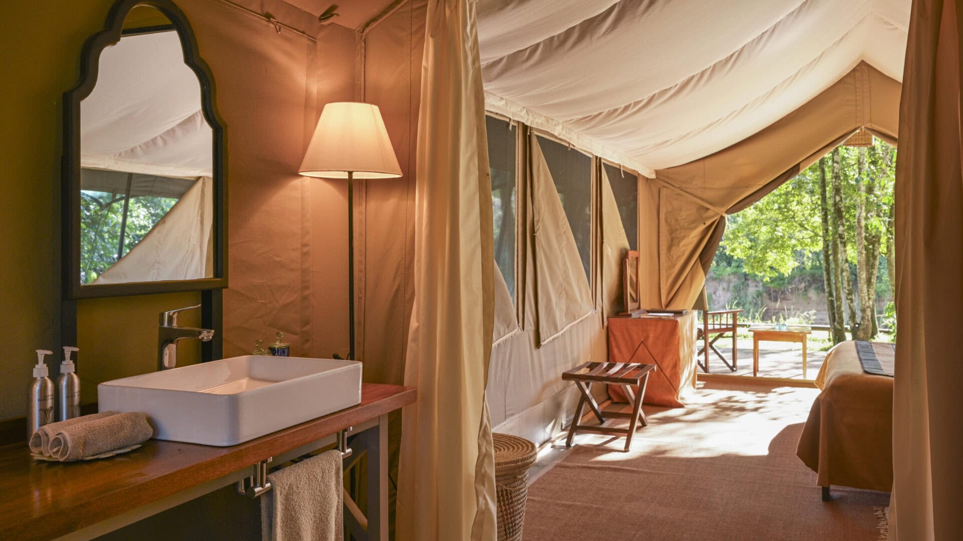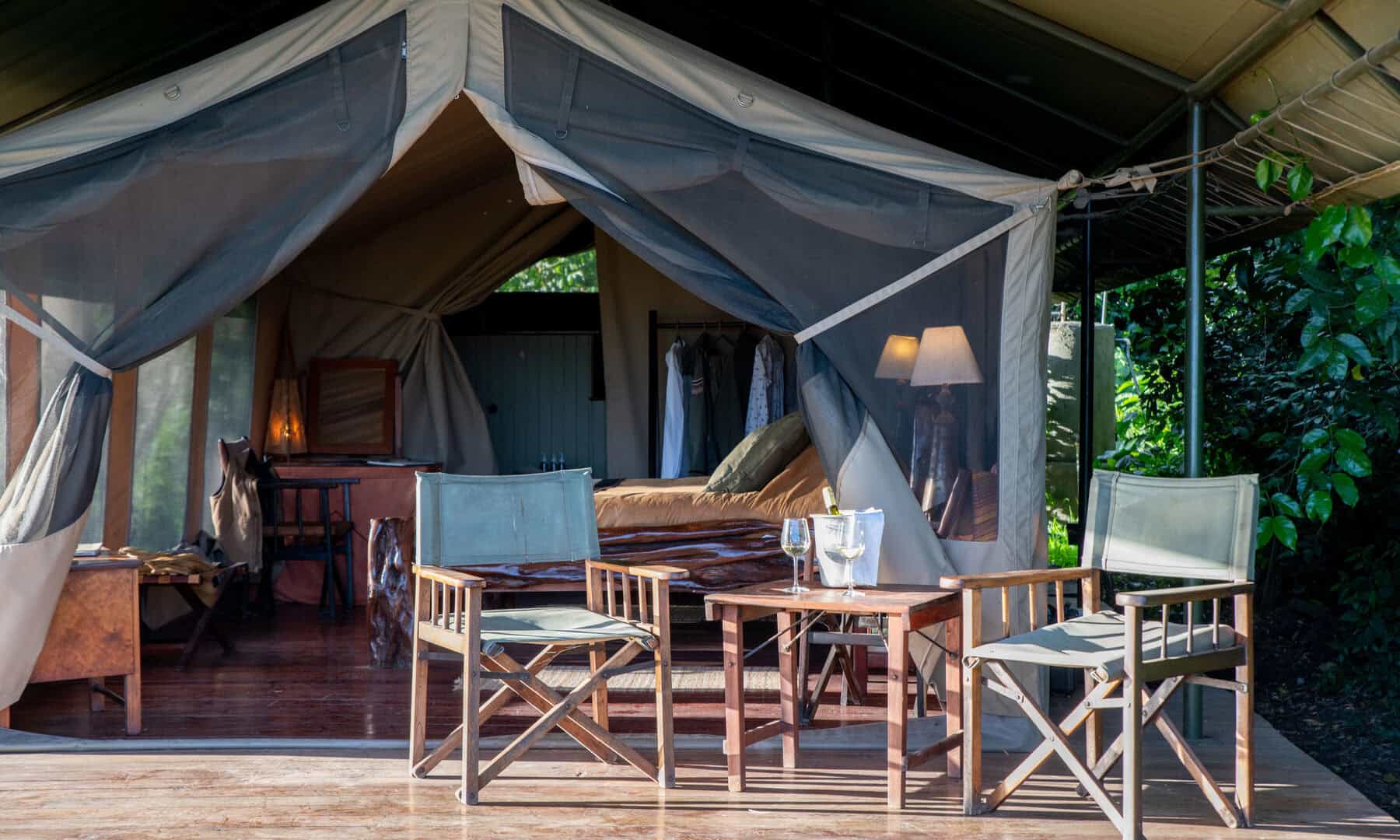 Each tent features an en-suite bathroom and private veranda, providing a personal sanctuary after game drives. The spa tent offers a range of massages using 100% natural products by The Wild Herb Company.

══════════════════════════════

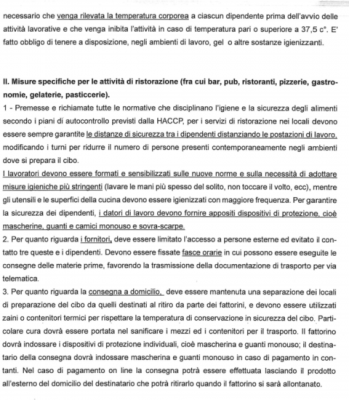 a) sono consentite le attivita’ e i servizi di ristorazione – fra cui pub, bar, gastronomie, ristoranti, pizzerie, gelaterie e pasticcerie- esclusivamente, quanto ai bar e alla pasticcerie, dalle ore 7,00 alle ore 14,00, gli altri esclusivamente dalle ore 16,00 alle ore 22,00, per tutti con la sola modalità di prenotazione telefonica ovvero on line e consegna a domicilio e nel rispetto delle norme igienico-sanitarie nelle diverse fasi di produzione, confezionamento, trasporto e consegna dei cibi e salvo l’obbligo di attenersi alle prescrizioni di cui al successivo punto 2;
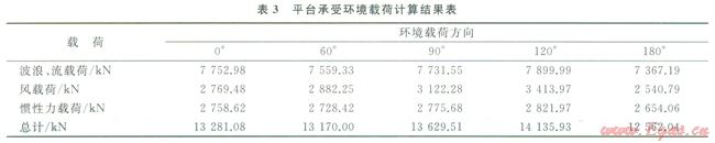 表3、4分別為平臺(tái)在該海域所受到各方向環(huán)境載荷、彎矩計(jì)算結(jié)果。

══════════════════════════════

EXERCISE GOAL ▸ Find where the line with "a) sono consentite" sits in the material above and where the line with "表3、4分別為平臺(tái)" sits. Set down exactly the lines from the first to the second, both included and nothing else, without pictures.

WRITTEN ANSWER ▸
 a) sono consentite le attivita’ e i servizi di ristorazione – fra cui pub, bar, gastronomie, ristoranti, pizzerie, gelaterie e pasticcerie- esclusivamente, quanto ai bar e alla pasticcerie, dalle ore 7,00 alle ore 14,00, gli altri esclusivamente dalle ore 16,00 alle ore 22,00, per tutti con la sola modalità di prenotazione telefonica ovvero on line e consegna a domicilio e nel rispetto delle norme igienico-sanitarie nelle diverse fasi di produzione, confezionamento, trasporto e consegna dei cibi e salvo l’obbligo di attenersi alle prescrizioni di cui al successivo punto 2;
 表3、4分別為平臺(tái)在該海域所受到各方向環(huán)境載荷、彎矩計(jì)算結(jié)果。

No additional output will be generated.